### DATA RECORDS:
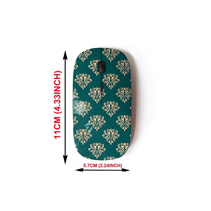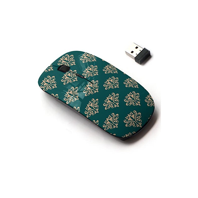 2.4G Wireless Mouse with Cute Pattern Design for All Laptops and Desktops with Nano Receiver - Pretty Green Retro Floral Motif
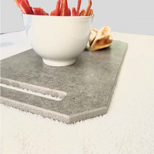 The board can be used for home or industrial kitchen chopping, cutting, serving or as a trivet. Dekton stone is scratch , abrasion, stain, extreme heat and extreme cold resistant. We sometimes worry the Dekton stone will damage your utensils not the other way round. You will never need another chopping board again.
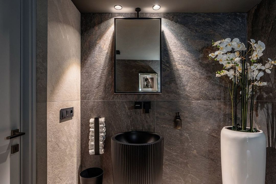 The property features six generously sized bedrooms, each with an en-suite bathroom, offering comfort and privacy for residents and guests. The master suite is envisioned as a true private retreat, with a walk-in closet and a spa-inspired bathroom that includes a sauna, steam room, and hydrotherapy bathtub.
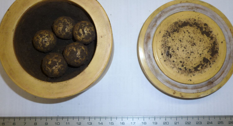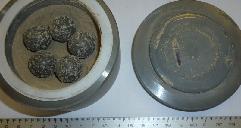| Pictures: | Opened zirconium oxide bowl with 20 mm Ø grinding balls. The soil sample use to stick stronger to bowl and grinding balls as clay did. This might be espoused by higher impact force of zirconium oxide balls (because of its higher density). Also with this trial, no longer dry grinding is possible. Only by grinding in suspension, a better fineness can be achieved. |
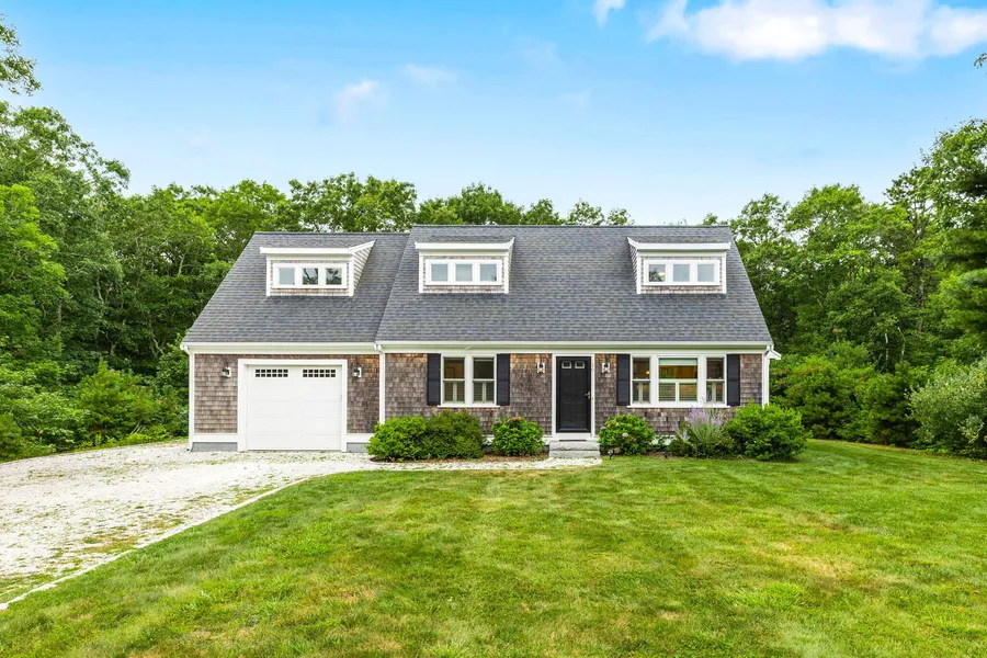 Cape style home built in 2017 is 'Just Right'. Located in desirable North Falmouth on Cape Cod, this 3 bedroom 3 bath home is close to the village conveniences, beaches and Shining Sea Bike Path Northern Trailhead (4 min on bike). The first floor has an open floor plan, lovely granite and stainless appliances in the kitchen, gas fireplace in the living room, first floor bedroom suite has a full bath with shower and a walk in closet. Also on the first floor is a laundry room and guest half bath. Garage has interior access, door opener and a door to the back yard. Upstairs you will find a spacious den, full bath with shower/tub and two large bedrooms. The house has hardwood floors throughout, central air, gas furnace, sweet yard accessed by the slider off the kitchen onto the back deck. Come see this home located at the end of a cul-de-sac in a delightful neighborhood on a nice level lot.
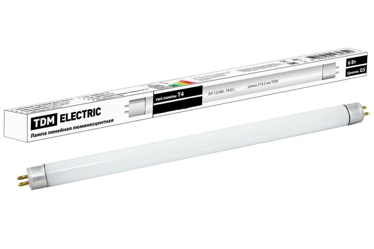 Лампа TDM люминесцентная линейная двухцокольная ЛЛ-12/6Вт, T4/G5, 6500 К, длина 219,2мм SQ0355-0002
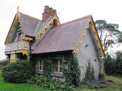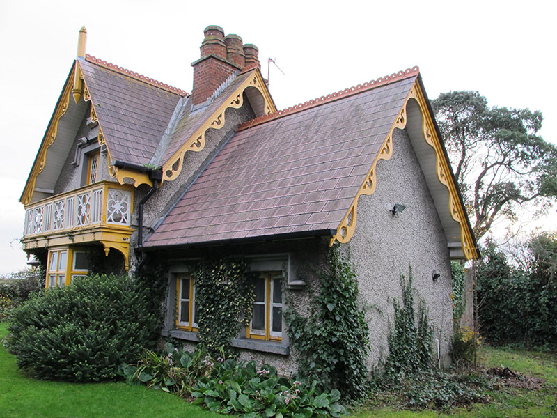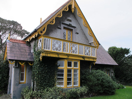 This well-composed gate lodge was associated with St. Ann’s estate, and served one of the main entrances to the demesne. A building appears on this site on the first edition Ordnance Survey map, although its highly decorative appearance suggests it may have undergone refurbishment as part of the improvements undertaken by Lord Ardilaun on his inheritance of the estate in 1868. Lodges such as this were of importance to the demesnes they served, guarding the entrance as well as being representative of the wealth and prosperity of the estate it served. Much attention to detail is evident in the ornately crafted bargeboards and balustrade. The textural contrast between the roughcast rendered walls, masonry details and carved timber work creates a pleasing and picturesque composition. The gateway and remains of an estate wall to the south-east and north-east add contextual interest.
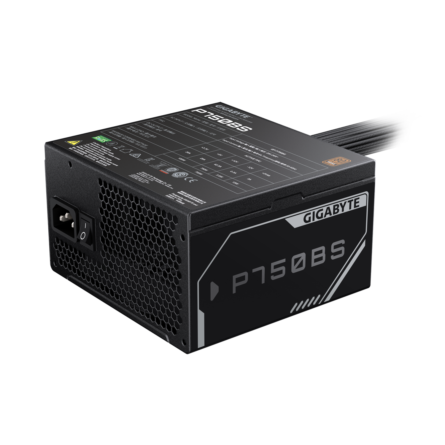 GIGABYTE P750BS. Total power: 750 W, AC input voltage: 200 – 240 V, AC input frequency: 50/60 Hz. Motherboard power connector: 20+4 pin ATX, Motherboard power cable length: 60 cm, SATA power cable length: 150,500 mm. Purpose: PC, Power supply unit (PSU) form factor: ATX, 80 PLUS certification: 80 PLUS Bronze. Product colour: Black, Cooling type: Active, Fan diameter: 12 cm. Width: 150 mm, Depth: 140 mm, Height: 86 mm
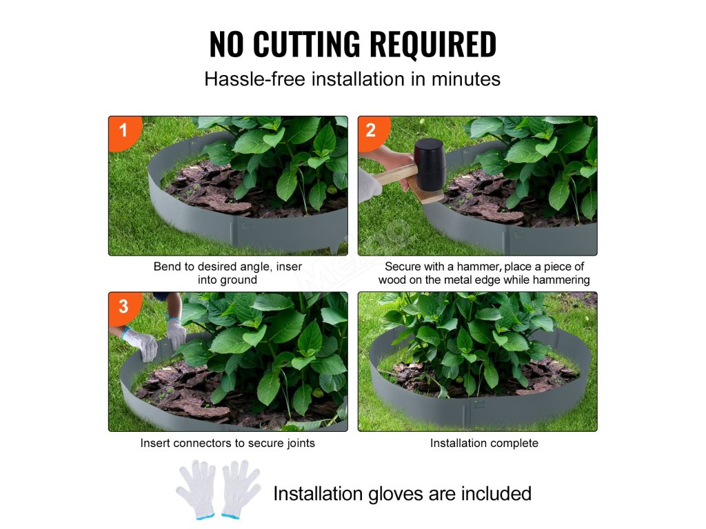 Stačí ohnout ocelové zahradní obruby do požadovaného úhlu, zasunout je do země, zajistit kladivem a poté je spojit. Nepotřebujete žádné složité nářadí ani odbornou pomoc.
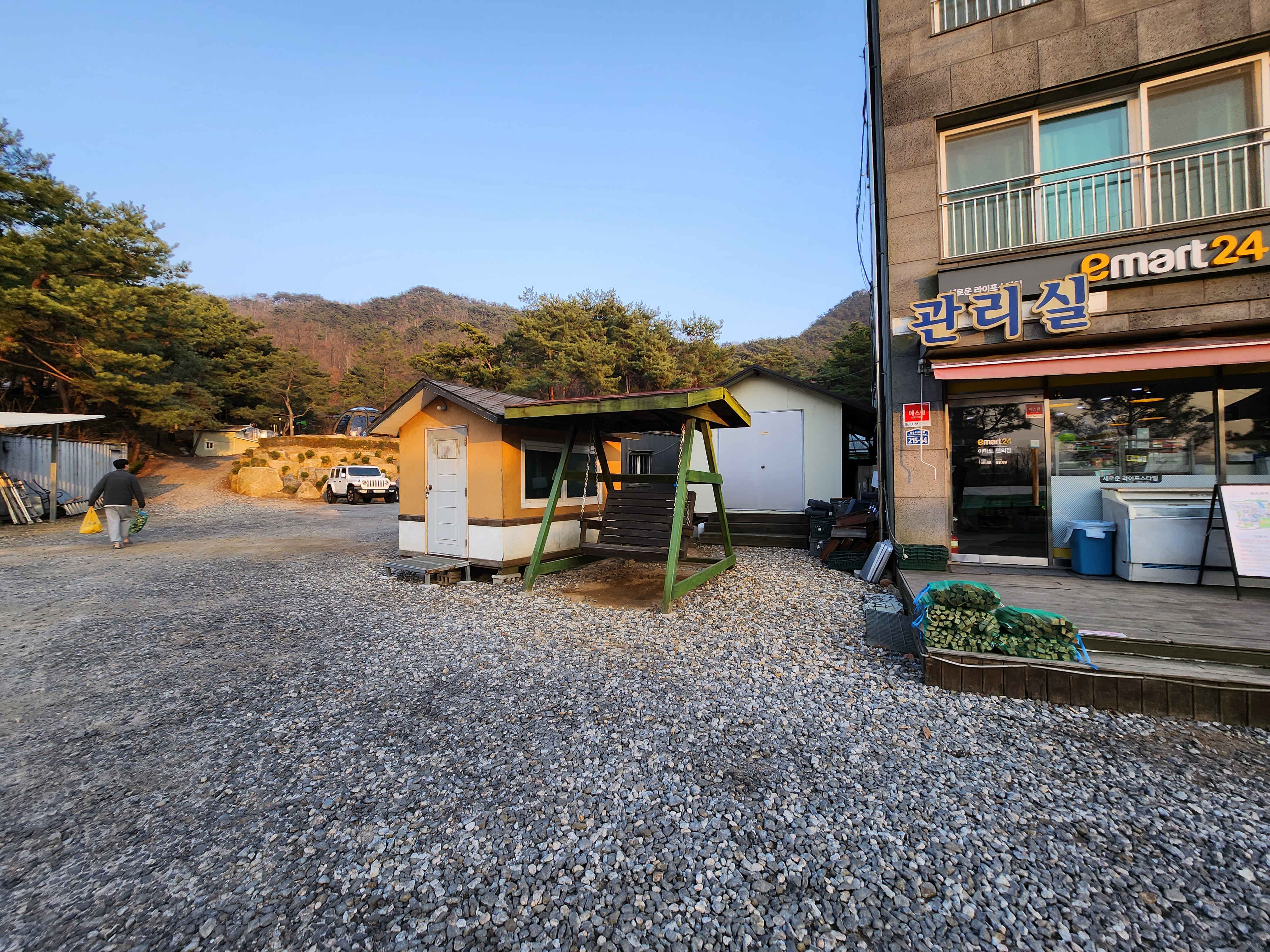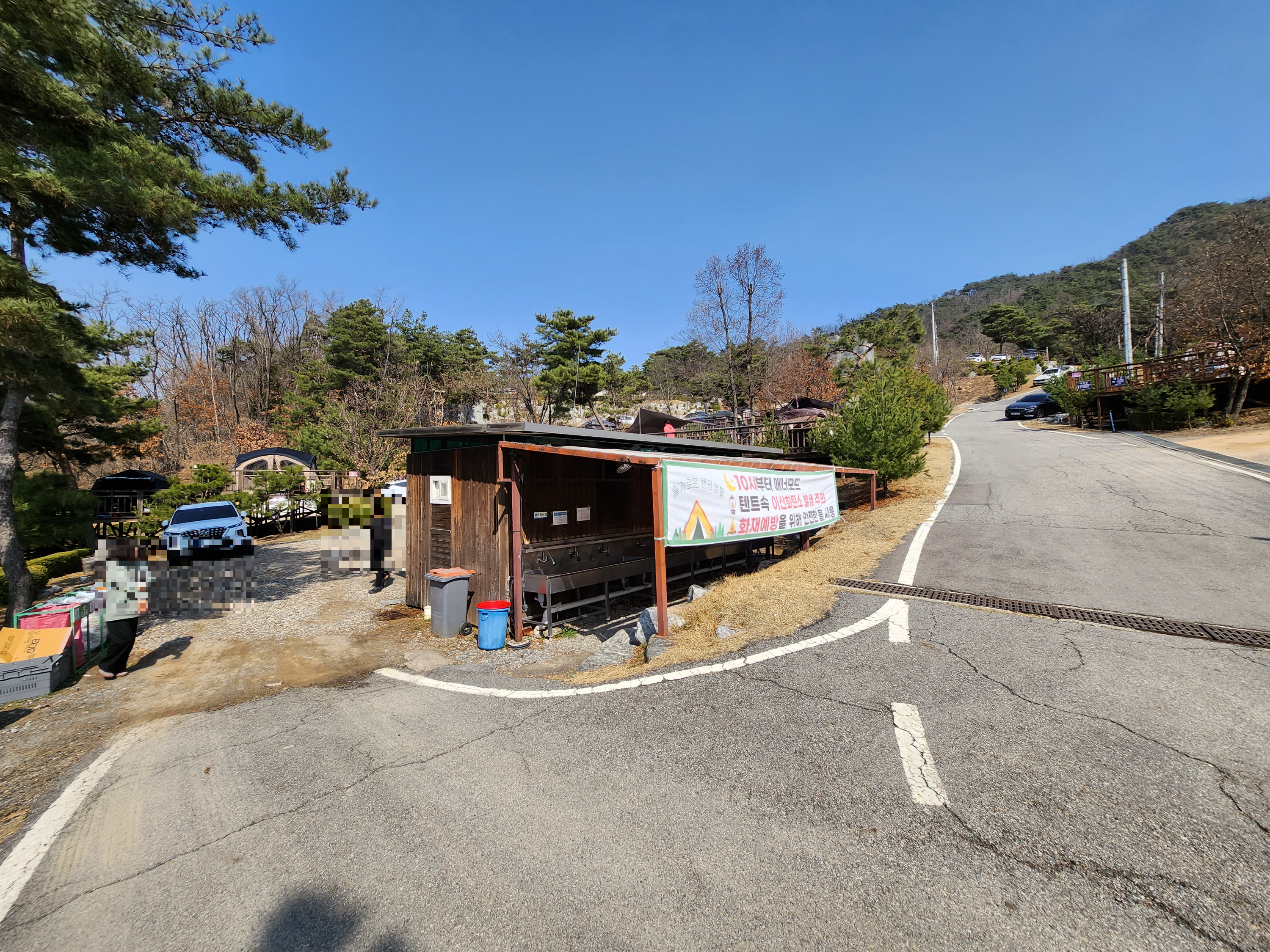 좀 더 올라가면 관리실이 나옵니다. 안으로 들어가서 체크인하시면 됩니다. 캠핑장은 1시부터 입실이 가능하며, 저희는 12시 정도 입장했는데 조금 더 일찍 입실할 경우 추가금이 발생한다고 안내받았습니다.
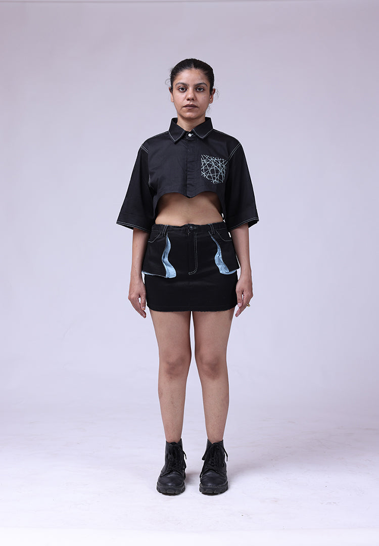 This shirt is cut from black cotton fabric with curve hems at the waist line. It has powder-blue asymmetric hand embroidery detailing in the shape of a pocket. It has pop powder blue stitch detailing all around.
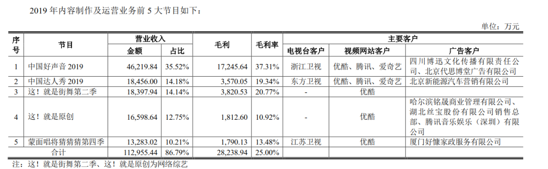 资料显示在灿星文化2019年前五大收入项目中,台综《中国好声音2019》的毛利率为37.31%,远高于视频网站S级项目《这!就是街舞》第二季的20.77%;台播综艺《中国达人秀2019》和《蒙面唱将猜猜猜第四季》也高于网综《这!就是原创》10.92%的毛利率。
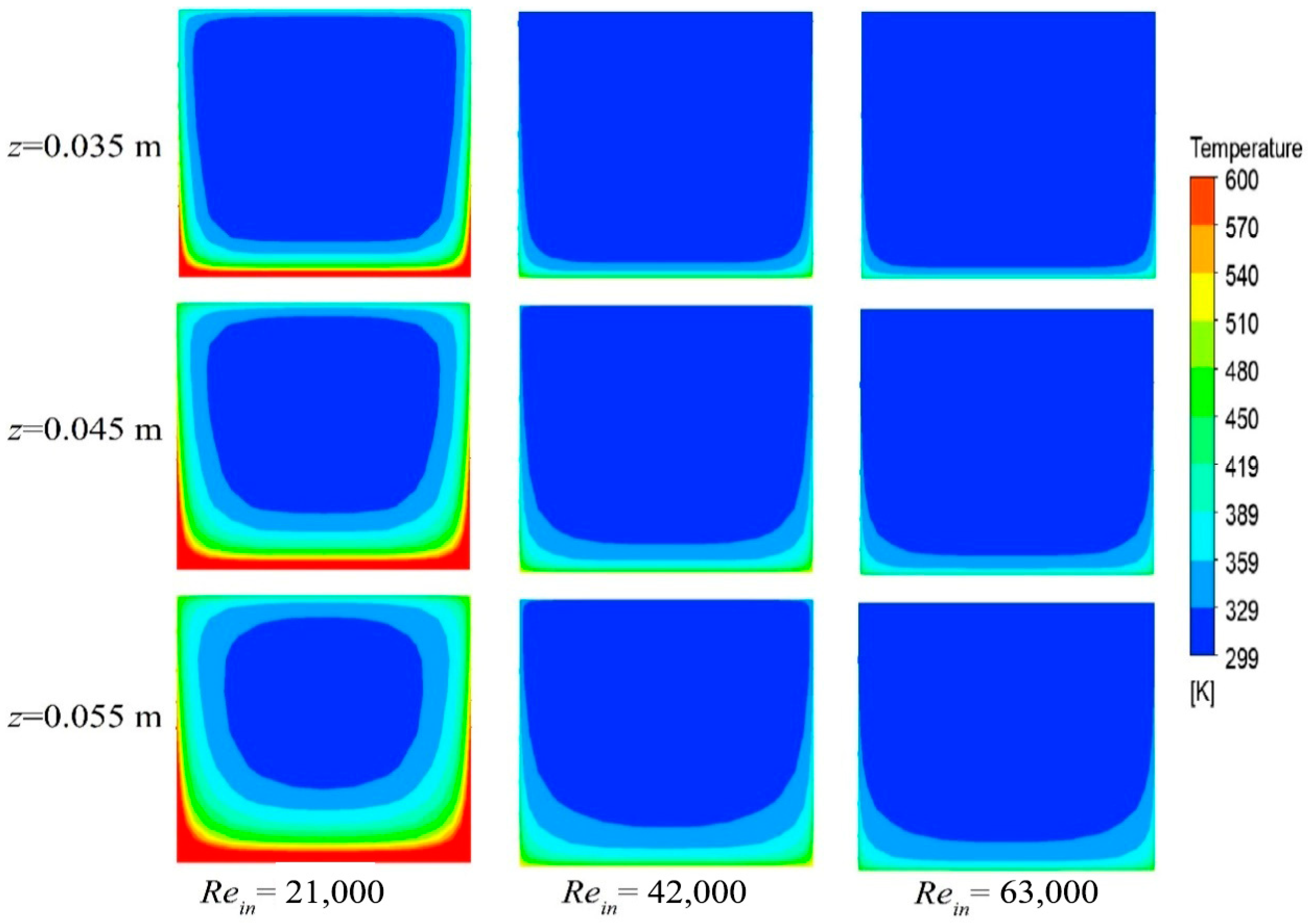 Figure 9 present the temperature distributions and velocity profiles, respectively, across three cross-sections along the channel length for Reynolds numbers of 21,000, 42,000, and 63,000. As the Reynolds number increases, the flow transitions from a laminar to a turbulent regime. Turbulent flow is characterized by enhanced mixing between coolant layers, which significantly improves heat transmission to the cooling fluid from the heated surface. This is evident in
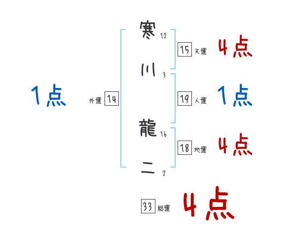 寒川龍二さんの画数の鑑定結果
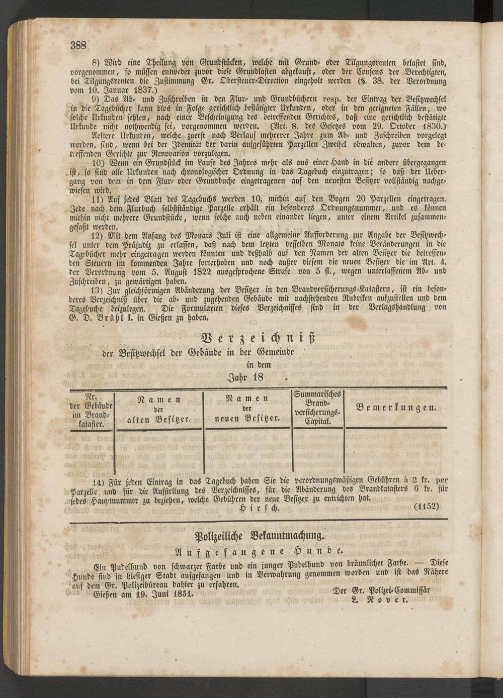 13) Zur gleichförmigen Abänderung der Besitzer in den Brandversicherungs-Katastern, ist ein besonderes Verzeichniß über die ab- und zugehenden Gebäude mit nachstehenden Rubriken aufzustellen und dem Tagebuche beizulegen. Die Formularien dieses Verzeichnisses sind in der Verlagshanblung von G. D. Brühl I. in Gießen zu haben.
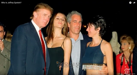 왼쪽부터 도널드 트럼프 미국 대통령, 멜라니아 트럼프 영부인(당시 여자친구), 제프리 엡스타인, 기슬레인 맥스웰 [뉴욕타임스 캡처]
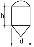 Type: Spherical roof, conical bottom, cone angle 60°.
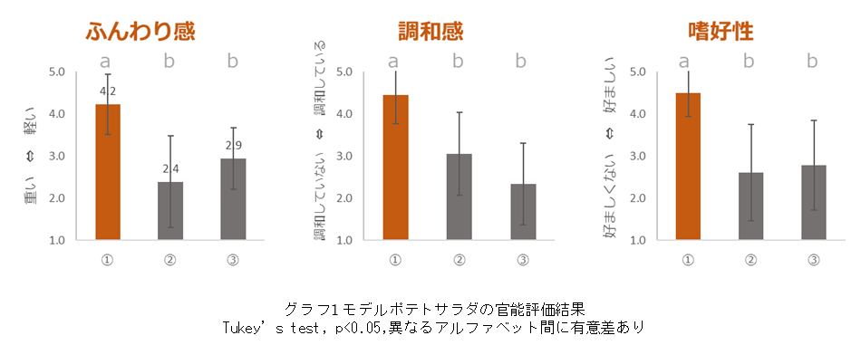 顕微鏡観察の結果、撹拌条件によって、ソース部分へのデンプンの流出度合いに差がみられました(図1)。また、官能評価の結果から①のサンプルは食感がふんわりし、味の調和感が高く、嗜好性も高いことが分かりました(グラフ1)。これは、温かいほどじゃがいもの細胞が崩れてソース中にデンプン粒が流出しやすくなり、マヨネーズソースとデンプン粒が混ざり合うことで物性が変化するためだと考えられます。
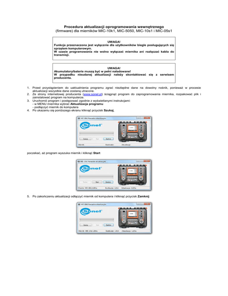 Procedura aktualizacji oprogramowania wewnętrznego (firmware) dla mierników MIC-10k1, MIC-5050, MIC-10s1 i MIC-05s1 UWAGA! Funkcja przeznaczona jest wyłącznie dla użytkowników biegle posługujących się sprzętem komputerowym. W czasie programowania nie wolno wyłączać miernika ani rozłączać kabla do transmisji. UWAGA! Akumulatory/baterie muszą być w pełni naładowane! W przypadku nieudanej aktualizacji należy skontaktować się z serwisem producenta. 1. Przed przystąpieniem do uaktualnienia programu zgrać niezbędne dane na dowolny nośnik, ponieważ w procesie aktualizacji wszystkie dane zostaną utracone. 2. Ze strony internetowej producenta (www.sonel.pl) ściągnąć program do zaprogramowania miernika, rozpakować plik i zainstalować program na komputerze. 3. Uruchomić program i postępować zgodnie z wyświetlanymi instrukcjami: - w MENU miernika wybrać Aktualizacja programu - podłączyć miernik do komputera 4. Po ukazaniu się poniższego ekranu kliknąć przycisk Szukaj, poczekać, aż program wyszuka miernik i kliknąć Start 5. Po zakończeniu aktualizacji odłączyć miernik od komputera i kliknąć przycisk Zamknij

### WHAT TO PRODUCE:
Please return the material above only from the line that holds "Cape style home" through the line that holds "This well-composed gate", exactly as it stands, ends included and pictures omitted.

### SOLVED PROBLEM:
 Cape style home built in 2017 is 'Just Right'. Located in desirable North Falmouth on Cape Cod, this 3 bedroom 3 bath home is close to the village conveniences, beaches and Shining Sea Bike Path Northern Trailhead (4 min on bike). The first floor has an open floor plan, lovely granite and stainless appliances in the kitchen, gas fireplace in the living room, first floor bedroom suite has a full bath with shower and a walk in closet. Also on the first floor is a laundry room and guest half bath. Garage has interior access, door opener and a door to the back yard. Upstairs you will find a spacious den, full bath with shower/tub and two large bedrooms. The house has hardwood floors throughout, central air, gas furnace, sweet yard accessed by the slider off the kitchen onto the back deck. Come see this home located at the end of a cul-de-sac in a delightful neighborhood on a nice level lot.
 Лампа TDM люминесцентная линейная двухцокольная ЛЛ-12/6Вт, T4/G5, 6500 К, длина 219,2мм SQ0355-0002
 This well-composed gate lodge was associated with St. Ann’s estate, and served one of the main entrances to the demesne. A building appears on this site on the first edition Ordnance Survey map, although its highly decorative appearance suggests it may have undergone refurbishment as part of the improvements undertaken by Lord Ardilaun on his inheritance of the estate in 1868. Lodges such as this were of importance to the demesnes they served, guarding the entrance as well as being representative of the wealth and prosperity of the estate it served. Much attention to detail is evident in the ornately crafted bargeboards and balustrade. The textural contrast between the roughcast rendered walls, masonry details and carved timber work creates a pleasing and picturesque composition. The gateway and remains of an estate wall to the south-east and north-east add contextual interest.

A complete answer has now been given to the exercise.